§ **REQUIREMENT**:
Pictures in the data should be dropped; transcribe exactly the lines from the one that has "Sateisina päivänä oli" through the one that has "(1)左手由右腕下向前伸出,右拳变掌,两".

§ **ENTRIES PROVIDED**:
----

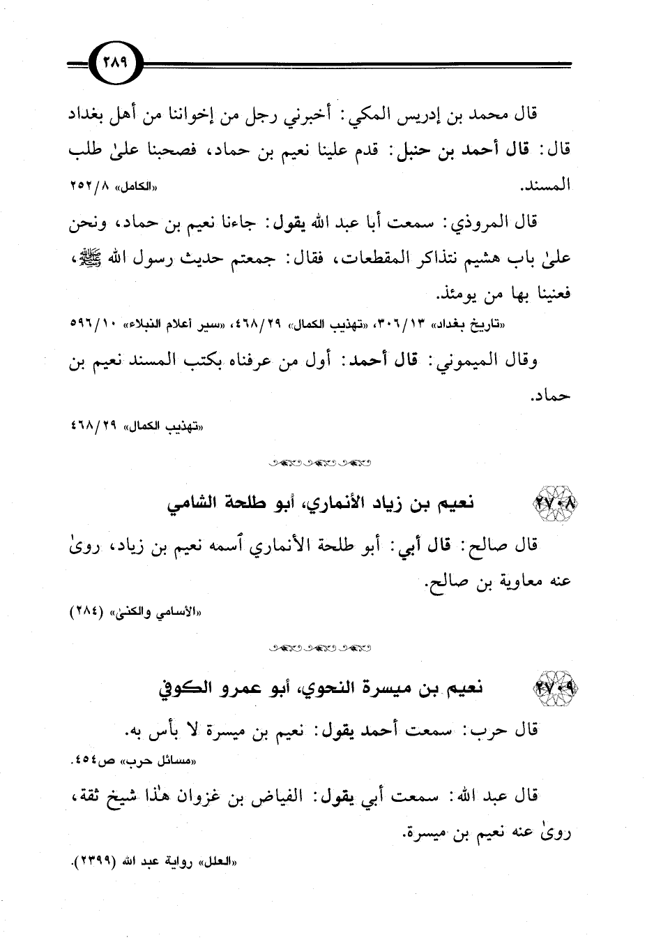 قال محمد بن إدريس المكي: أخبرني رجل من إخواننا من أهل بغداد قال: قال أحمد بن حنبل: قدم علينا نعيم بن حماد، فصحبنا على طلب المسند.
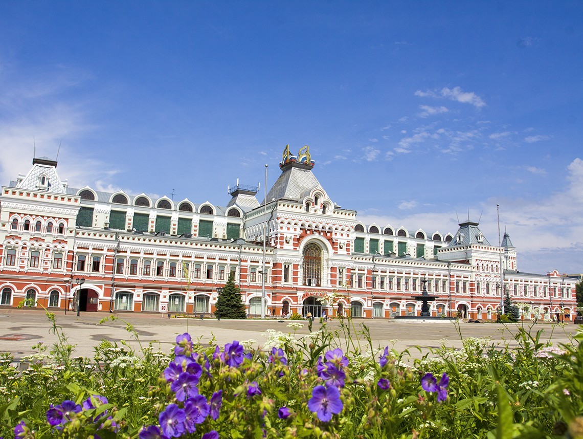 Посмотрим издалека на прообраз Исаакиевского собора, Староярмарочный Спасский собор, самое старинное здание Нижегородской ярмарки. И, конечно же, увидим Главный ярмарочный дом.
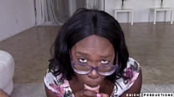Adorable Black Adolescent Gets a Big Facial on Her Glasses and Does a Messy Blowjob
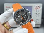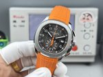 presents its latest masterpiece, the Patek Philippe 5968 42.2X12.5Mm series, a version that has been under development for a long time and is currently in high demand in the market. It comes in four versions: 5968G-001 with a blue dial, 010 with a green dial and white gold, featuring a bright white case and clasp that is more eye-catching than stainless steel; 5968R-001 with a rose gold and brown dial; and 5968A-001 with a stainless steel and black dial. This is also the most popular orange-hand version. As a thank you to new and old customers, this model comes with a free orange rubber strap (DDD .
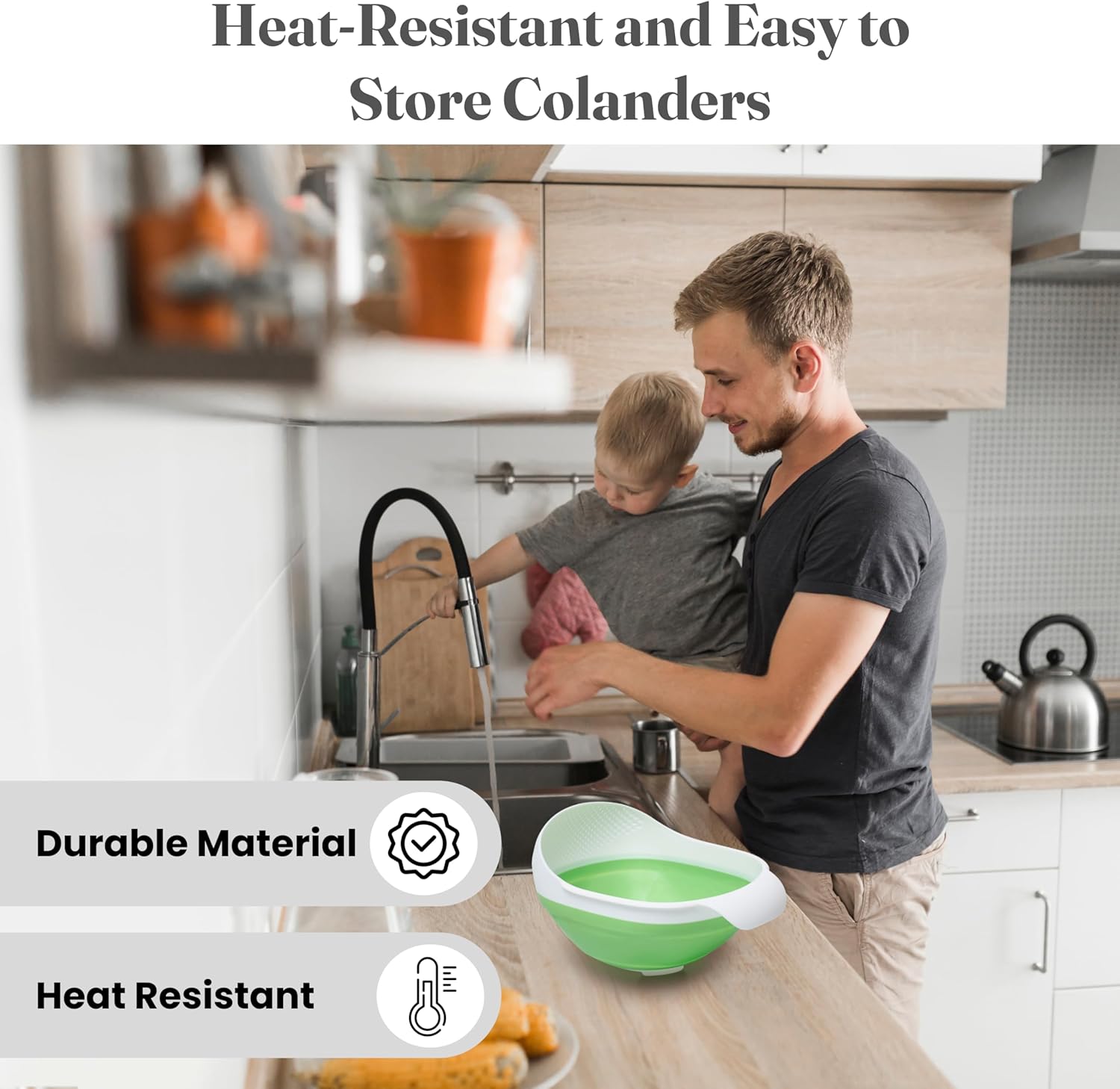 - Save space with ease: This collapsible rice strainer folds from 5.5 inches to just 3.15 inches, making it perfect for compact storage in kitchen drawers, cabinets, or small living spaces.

----

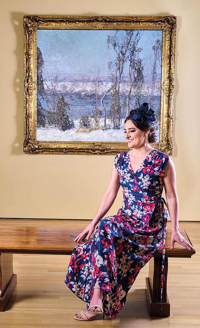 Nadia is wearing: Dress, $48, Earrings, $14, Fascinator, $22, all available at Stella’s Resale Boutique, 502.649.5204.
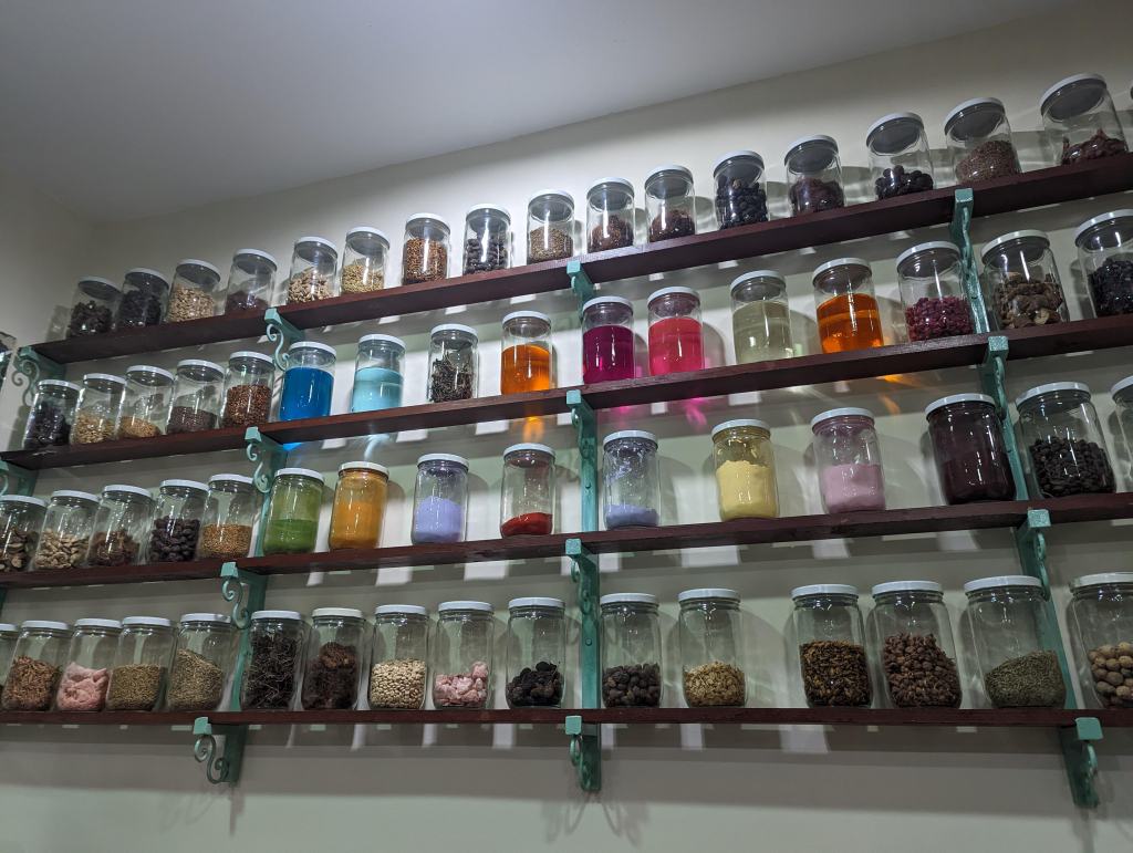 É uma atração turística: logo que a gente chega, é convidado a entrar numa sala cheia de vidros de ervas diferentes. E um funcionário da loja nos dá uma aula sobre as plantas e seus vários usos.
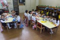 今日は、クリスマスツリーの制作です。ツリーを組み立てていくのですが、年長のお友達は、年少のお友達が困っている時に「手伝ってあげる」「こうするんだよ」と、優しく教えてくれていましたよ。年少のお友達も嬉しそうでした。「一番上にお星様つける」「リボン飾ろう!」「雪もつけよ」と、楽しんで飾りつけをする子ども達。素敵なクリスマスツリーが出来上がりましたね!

----

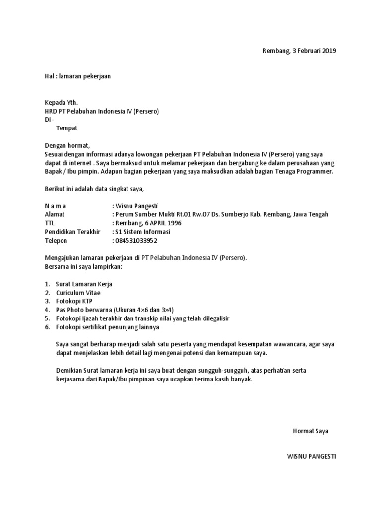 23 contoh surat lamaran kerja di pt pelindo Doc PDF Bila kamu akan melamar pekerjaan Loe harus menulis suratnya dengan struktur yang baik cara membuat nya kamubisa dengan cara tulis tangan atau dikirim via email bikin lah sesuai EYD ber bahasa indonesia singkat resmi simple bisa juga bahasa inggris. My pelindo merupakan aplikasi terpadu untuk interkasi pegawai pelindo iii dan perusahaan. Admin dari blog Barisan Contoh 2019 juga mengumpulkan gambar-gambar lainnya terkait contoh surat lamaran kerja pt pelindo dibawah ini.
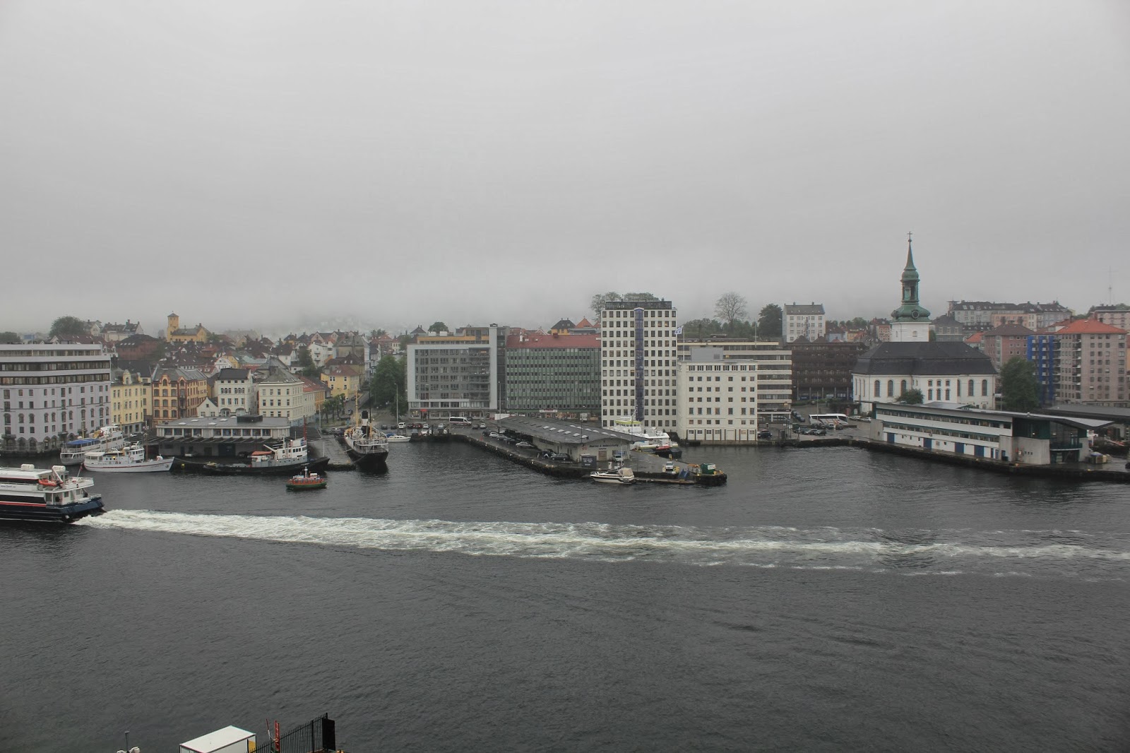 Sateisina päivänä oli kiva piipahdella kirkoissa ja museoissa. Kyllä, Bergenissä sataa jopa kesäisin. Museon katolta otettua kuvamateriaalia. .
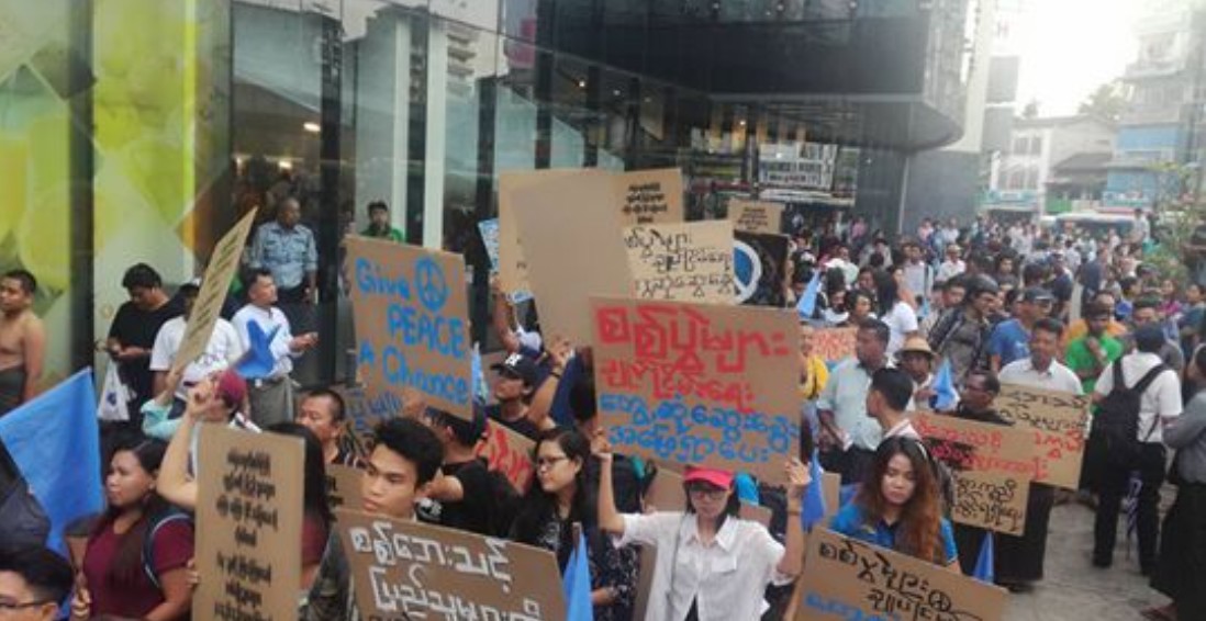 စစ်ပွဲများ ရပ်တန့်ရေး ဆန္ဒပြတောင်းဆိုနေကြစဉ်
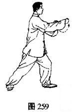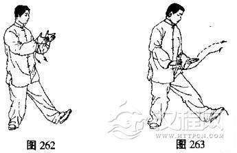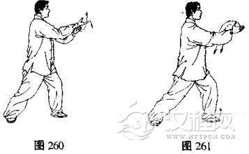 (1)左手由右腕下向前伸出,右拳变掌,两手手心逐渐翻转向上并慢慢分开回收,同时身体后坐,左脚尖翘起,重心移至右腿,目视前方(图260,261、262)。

----

§ **ANSWER FOR THIS EXERCISE**:
 Sateisina päivänä oli kiva piipahdella kirkoissa ja museoissa. Kyllä, Bergenissä sataa jopa kesäisin. Museon katolta otettua kuvamateriaalia. .
 စစ်ပွဲများ ရပ်တန့်ရေး ဆန္ဒပြတောင်းဆိုနေကြစဉ်
 (1)左手由右腕下向前伸出,右拳变掌,两手手心逐渐翻转向上并慢慢分开回收,同时身体后坐,左脚尖翘起,重心移至右腿,目视前方(图260,261、262)。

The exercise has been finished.